Coriander-Glazed Carrots Adapted from a Recipe from Food Network Magazine
2 tablespoons unsalted butter
1 teaspoon coriander seeds, lightly crushed
2 pounds baby carrots (preferably rainbow), tops trimmed
1/2 cup fresh orange juice
2 tablespoons fresh lime juice
1/4 water
3 tablespoons packed light brown sugar
Kosher salt and freshly ground pepper
1/4 cup chopped fresh cilantro

Melt the butter in a large skillet over medium-high heat. Add the coriander seeds and toast 30 seconds. Add the carrots, then stir in the orange and lime juice, brown sugar, 1/4 cup water, salt and pepper to taste.

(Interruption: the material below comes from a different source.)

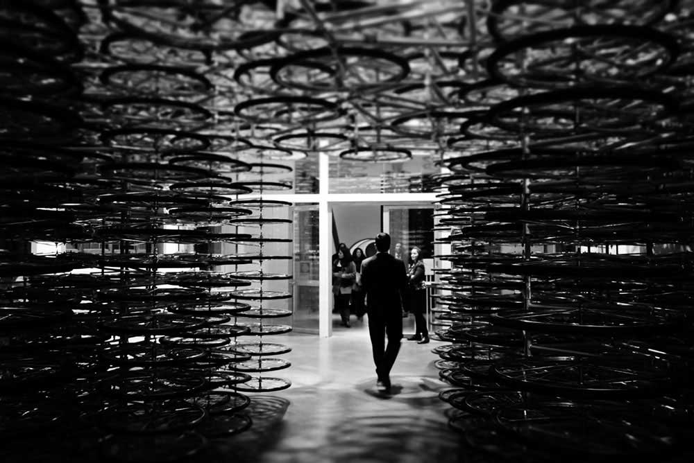 From words whispered on the grass in front of the National Gallery in Berlin – before entering – to the exit from the Venice Biennale, the present series aims at the movement of spectators and the changing of lights. These define the objects or the performers on display through manifestations and disappearances. Museums’ rooms thus become places where objects react to spectators: Caravaggio’s Medusa is screaming louder when in front of the crowd’s gaze, and Ai Weiwei’s wheels are patiently waiting for the visitors to be absorbed by the artist’s matter. The spaces of display are here organic forms, open to photography on condition that the eye will not be fixed on an object but on processes where light and matter play to compose new visions.

Bring to a boil, then cover and reduce the heat to medium low. Simmer, stirring occasionally, until the carrots are almost tender, 13 to 15 minutes.

I placed these into a 200 degree oven until the rest of my dinner was ready. Once ready, I removed the carrots from the pan and placed the juices onto the stove top. Placed over medium-high heat, I cooked for about 5-10 minutes to reduce the liquid by half. I served the reduction over the carrots. I forgot to use the cilantro, but I can see how the color and flavor would have been a good addition.